(EXERCISE DATA begins)

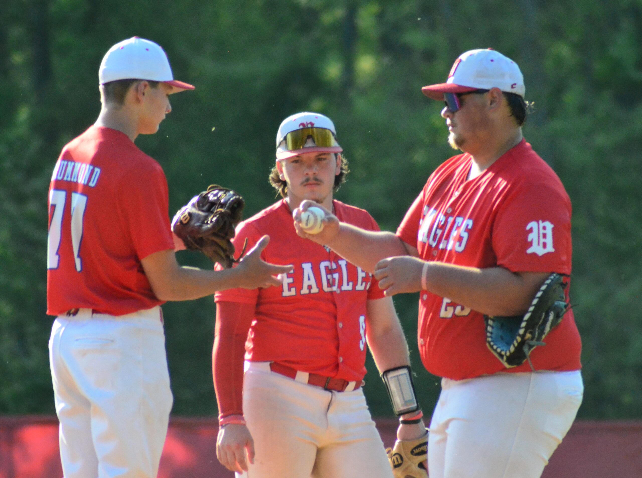 After a scoreless first inning, Randolph County strung together five hits in the top of the second to take an early, 6-0 lead over Vinemont. The Eagles were able to cut into the lead in the bottom of the third. Josh Rhodes led off the inning with a double to left field and a few pitches later, Kayden Henderson drove an RBI single down the left field line to trim the lead to 6-1. Rylan McRae and Rush Sandlin drew walks to load the bases later in the inning and Henderson scored on an error to make it a 6-2 game going into the fourth.
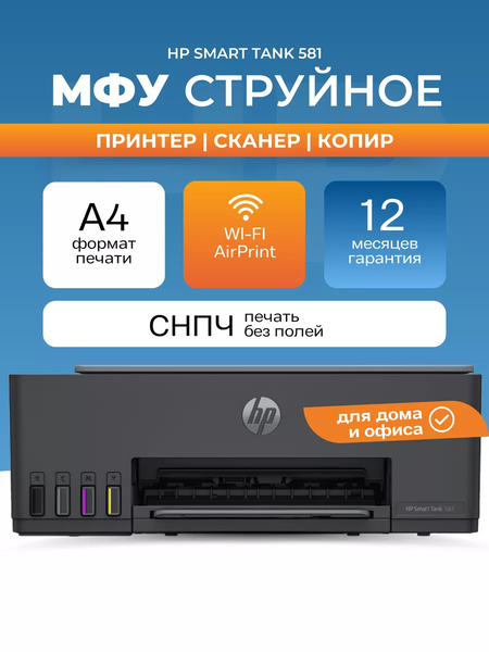 МФУ струйное HP Smart Tank 581 - это многофункциональное устройство, которое сочетает в себе функции принтера, сканера и копира. Оно обеспечивает высокое качество печати благодаря струйной технологии и системе непрерывной подачи чернил. Устройство поддерживает различные типы печатных носителей, включая обычную бумагу, матовую бумагу для брошюр, глянцевую бумагу для брошюр, фотобумагу, конверты и другие типы бумаги для струйной печати. HP Smart Tank 581 имеет монохромный и цветной режимы печати, что позволяет пользователям выбирать между различными вариантами в зависимости от своих потребностей. Скорость печати составляет до 12 страниц в минуту в цветном и до 20 страниц в минуту в черно-белом формате. МФУ оснащено планшетным сканером с оптическим разрешением 1200x1200 т/д. Это позволяет сканировать документы с высоким качеством и детализацией. Скорость сканирования составляет до 10 страниц в минуту в цветном и до 10 страниц в минуту в черно-белом формате. Устройство имеет компактные размеры и легко устанавливается на рабочем столе. Оно совместимо с операционными системами Windows и MacOS, а также поддерживает прямую печать. МФУ HP Smart Tank 581 обеспечивает высокую скорость печати, отличное качество сканирования и копирования, а также возможность печати на различных носителях. Это делает его отличным выбором для домашнего и офисного использования.
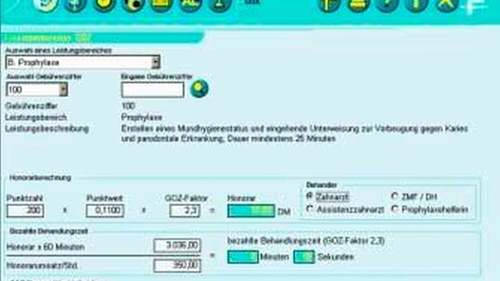 Was macht das Programm nun? Aus den eingegeben praxisspezifischen Umsatzwerten wird eine Kenngröße errechnet. Diese Kenngröße dient dazu, bei festgelegten Honoraren (etwa BEMA) die bezahlte Behandlungszeit und bei variablen Honoraren (GOZ oder GOÄ) den betriebswirtschaftlich erforderlichen Honorarfaktor zu ermitteln. Die Berechnungen sind für den Arzt wie auch den Zahnarzt geeignet.
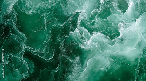 © Sadia, Fototapeta premium Turbulent green ocean waves create a mesmerizing natural pattern in sunlight
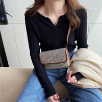 2024 Women's V-Neck White Long-Sleeved Knitted Shirt

(EXERCISE DATA ends)

WHAT IS BEING ASKED ▸
Starting at the line that contains "pattern in sunlight", write out every line through the end of the entries above exactly, and omit the pictures.

RESPONSE BELOW ▸
 © Sadia, Fototapeta premium Turbulent green ocean waves create a mesmerizing natural pattern in sunlight
 2024 Women's V-Neck White Long-Sleeved Knitted Shirt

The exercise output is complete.